As in the above case it is better to copy from some existing front ends. But let's have a general idea of what each function is. If you find this section boring you can skip this section but don't skip the inclusion of these routines in your program.
type_for_size(unsigned precision, int unsignedp)It returns a tree of integer type with number of bits given by the argument precision. If unsignedp is nonzero, then it is unsigned type, else it is signed type.
init_parse(char *filename)It initialize parsing.
finish_parse()It does the parsing cleanup.
lang_init_options()Language specific initialization option processing.
lang_print_xnode(FILE *file,tree t,int i)Required by gcc.

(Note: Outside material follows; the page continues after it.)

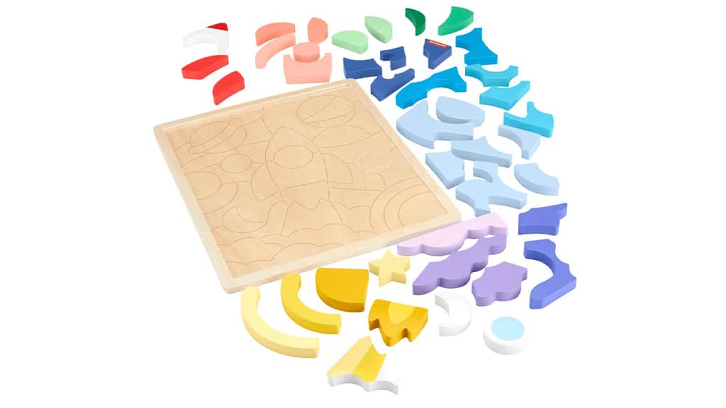 Většina skládaček je malá a má podobný tvar, což může být pro malé děti výzvou. Tato vesmírná sada odstraňuje zmatky při řešení skládaček díky jedinečným tvarům dílků, které jsou dostatečně velké pro malé ruce. Na rozdíl od klasických skládaček tato sada umožňuje volnou hru, kde si děti mohou skládat bloky na sebe nebo třídit dílky podle barev. Rodiče si také mohou užívat vzdělávací výhody, které děti z této skládačky získávají, včetně jemné motoriky, řešení problémů a koordinace ruky a oka.

Don't know what exactly it does.
type_for_mode(enum machine_mode mode,int unsignedp)It returns a tree type of the desired mode given by us. mode represents machine data type like whole number. unsignedp, as usual is used for obtaining an unsigned type or else a signed type is returned.
unsigned_type(tree type_node)Returns the unsigned version of type_node.
signed_type(tree type_node)Returns the signed version of type_node.
signed_or_unsigned_type(int unsignedp, tree type)Returns signed or unsigned tree node depending upon unsignedp.
global_bindings_p()Returns nonzero if we are currently in the global binding level.
getdecls()Returns the list of declarations in the current level, but in reverse order.
kept_level_p()It is nonzero when a 'BLOCK' must be created for the current level of symbol table.
pushlevel(int ignore)Enter a new binding level. A symbol name used before in another binding level is covered when entered into a new level.
poplevel(int keep, int reverse, int functionbody)Removes a new level created by pushlevel. The symbol table status is regained (which was present before the pushlevel).
insert_block(tree block)Insert block at the end of the list of subblocks of the current binding level.
set_block(tree block)Sets the block for the current scope.
pushdecl(tree decl)Inserts the declaration, decl into the symbol table and returns the tree back.
init_decl_processing()Initializes the symbol table. It sets global variables and inserts other variables into the symbol table.
lang_decode_option(int a, char **p)It decodes all language specific options that cannot be decoded by the GCC. Returns 1 if successful, otherwise 0.
lang_init()Performs all the initialization steps required by the front end. It includes setting certain global variables.
lang_finish()Performs all front end specific clean up.
lang_identify()Returns a short string identifying the language to the debugger.
maybe_build_cleanup(tree decl)Creates a tree node, which represents an automatic cleanup action.
incomplete_type_error(tree value, tree type)Prints an error message for invalid use of incomplete type.
truthvalue_conversion(tree expr)It returns the same expr, but in a type which represents truthvalues.
mark_addressable(tree expr)Marks expr as a construct which need an address in storage.
print_lang_statics()Prints any language-specific compilation statics.
copy_lang_decl(tree node)It copies the declarations if DECL_LANG_SPECIFIC is nonzero.
print_lang_decl(FILE *file, tree node, int indent)Outputs the declaration for node with indentation depth indent to the file, file.
print_lang_type(FILE *file, tree node, int indent)Outputs the type for node with indentation depth indent to the file, file.
print_lang_identifier(FILE *file, tree node, int indent)Outputs the identifier for node with indentation depth indent to the file, file.
int_lex()Performs whatever initialization steps are required by the language dependent lexical analyzer.
set_yydebug()Sets some debug flags for the parser.
yyerror(char *s)Routine to print parse error message.
language_stringA character string to hold the name of our language. say, demo.
flag_traditionalA variable needed by the file dwarfout.c
error_mark_nodeA tree node used to define errors. It represents a partial tree. It is of great help when some errors occur in the syntax analysis phase.
integer_type_node, char_type_node, void_type_nodeClear from the names.
integer_zero_node, integer_one_nodeConstants of type integer_type_node with values 0 and 1 respectively.